There is A LOT of good reason to regulate internet companies the way telephone companies were regulated. For one thing, the FCC should be allowed to declare ISPs to be Title II Common Carriers. (Which it would have done long ago, but the industry lobbied Congress, which made an exception just for them.) Then many current privacy concerns would simply disappear. Then they could also require backbone-sharing, which all evidence suggests would foster more competition, better service, and lower prices.
Does the government need to "get involved" in the process beyond that? That is debatable. But one thing is for sure: it will never be free nationwide if they don't.
"And rather than Sony learn any lessons, they have doubled down. For two decades. Is it any wonder their stock and their corporate goodwill are both in the shitter?"
Jesus, doesn't anybody here remember any history? Come on, folks, this is so far off as to be just plain BS.
The reason MiniDiscs had DRM in the U.S. (but not Japan) wasn't Sony, it was Congress! The music industry panicked over MiniDisc because it was a "perfect" copy. That meant that unlike cassettes, you could copy endlessly and it wouldn't degrade in quality, like cassette tapes did.

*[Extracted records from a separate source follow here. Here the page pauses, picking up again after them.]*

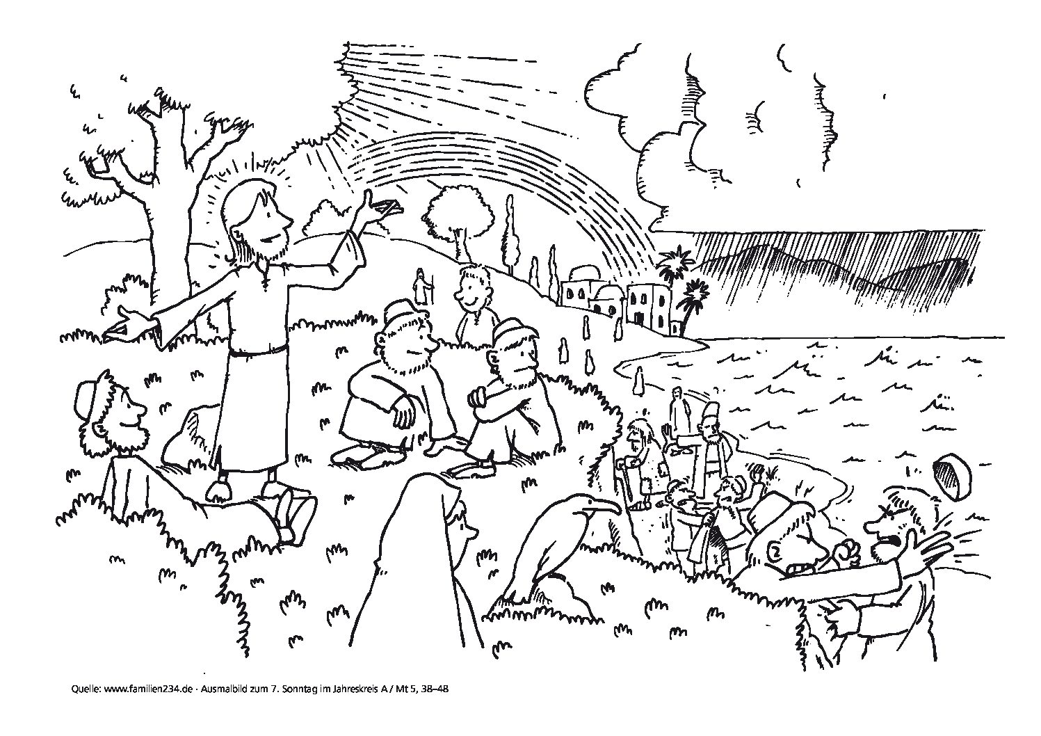In quel tempo, Gesù disse ai suoi discepoli: «Avete inteso che fu detto: “Occhio per occhio e dente per dente”. Ma io vi dico di non opporvi al malvagio; anzi, se uno ti dà uno schiaffo sulla guancia destra, tu pórgigli anche l’altra, e a chi vuole portarti in tribunale e toglierti la tunica, tu lascia anche il mantello. E se uno ti costringerà ad accompagnarlo per un miglio, tu con lui fanne due. Da’ a chi ti chiede, e a chi desidera da te un prestito non voltare le spalle. Avete inteso che fu detto: “Amerai il tuo prossimo e odierai il tuo nemico”. Ma io vi dico: amate i vostri nemici e pregate per quelli che vi perseguitano, affinché siate figli del Padre vostro che è nei cieli; egli fa sorgere il suo sole sui cattivi e sui buoni, e fa piovere sui giusti e sugli ingiusti. Infatti, se amate quelli che vi amano, quale ricompensa ne avete? Non fanno così anche i pubblicani? E se date il saluto soltanto ai vostri fratelli, che cosa fate di straordinario? Non fanno così anche i pagani? Voi, dunque, siate perfetti come è perfetto il Padre vostro celeste».
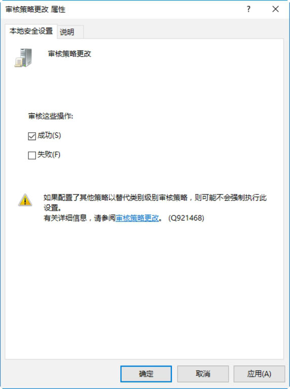 Step 03 双击右侧窗口中的“审核策略更改”选项,打开“审核策略更改 属性”对话框,选中“成功”复选框,单击“确定”按钮保存设置,如下图所示。
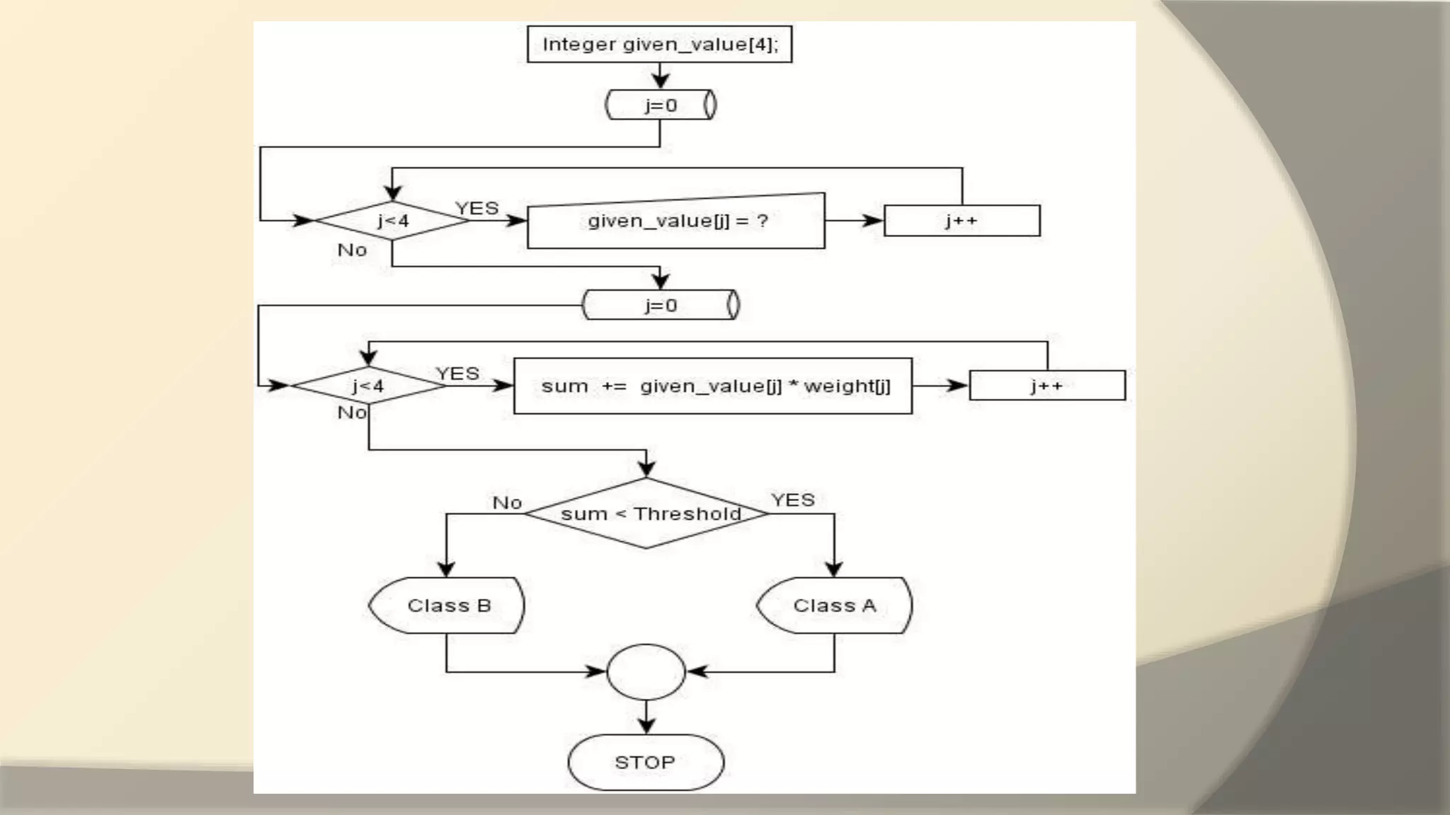weighted input with the help of the threshold activation function or step
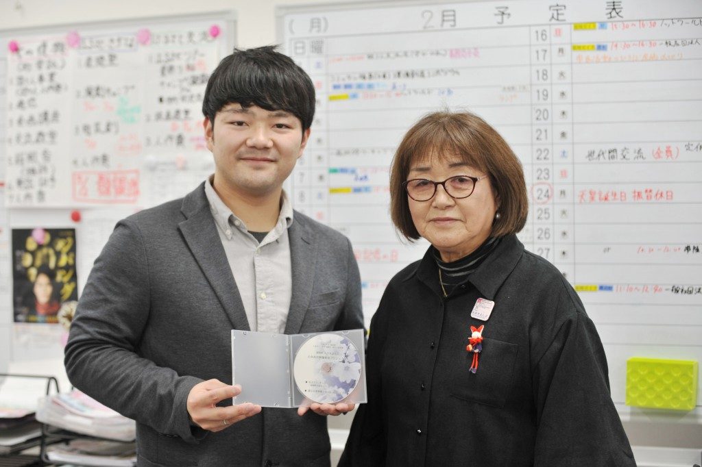 インタビュー後。手に持っているのは、語り人さんたちが作ったDVD。
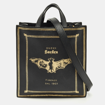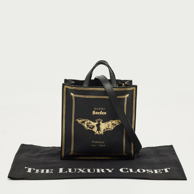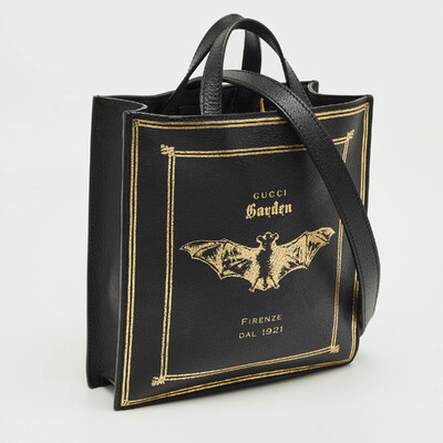 The Gucci Garden Bat Vertical Tote in black leather carries a bold presence. A golden bat perches across the textured surface, hinting at mystery and unexpected charm. Its vertical frame holds essentials with ease, while the design itself reflects Gucci’s daring creativity and imagination.
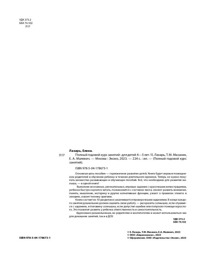 Полный годовой курс занятий: для детей 4-5 летТаисия Михайловна Мазаник, Елизавета Андреевна Малевич, Елена Лазарь +216

Hrm, that calls for some more history. MiniDisc came out -- in Japan -- before recordable CDs. The recording industry had fought both cassettes and CDs, unsuccessfully. But when faced with MiniDisc they lobbied Congress HARD, and the outcome was that Congress banned the importing or making of MiniDisc players until they implemented a DRM system that limited copying.
SONY at the time was NOT known for DRM. Remember, Sony had, not too long before, fought in court on the other side of the battle, to make sure videotapes were legal.
So it was Congress that is at fault here. Manufacturers wanted nothing to do with creating a DRM system in hardware. And consumers in the U.S., by and large, were uninterested in a DRM-laden system. The result was that it took a good 10 years before MiniDisc was widely available here. You could get them; a few were made with DRM. But they were rare and expensive. And the entire 10 years, Japan used them DRM-free.
So stop blaming Sony. You're pointing your fingers in the wrong direction. It was the recording industry -- and a compliant Congress -- who were entirely at fault.
"By the third generation, the wealth is gone."
Yeah? Tell that to the Rothschilds and the Rockefellers.
But seriously, this whole thing reminds me of Asimov's Foundation series.
"Is this why I can't ever read the quote symbol? It is all garbled?"
That happens most often when people use copy-and-paste, because they are pasting in begin- and end-quotes, instead of the common universal double quotes: ".
Something about their encoding is weird. There is no doubt about that.
"I love the encoding issues I find on this site."
HTML escape characters used to work, but that stopped working quite a while ago. Most of them, anyway.
I'm not sure what they did. I believe most of the site is coded in Perl. But BuiltWith says the site encoding is in UTF-8. So, there must be some kind of munging going on in the back-end.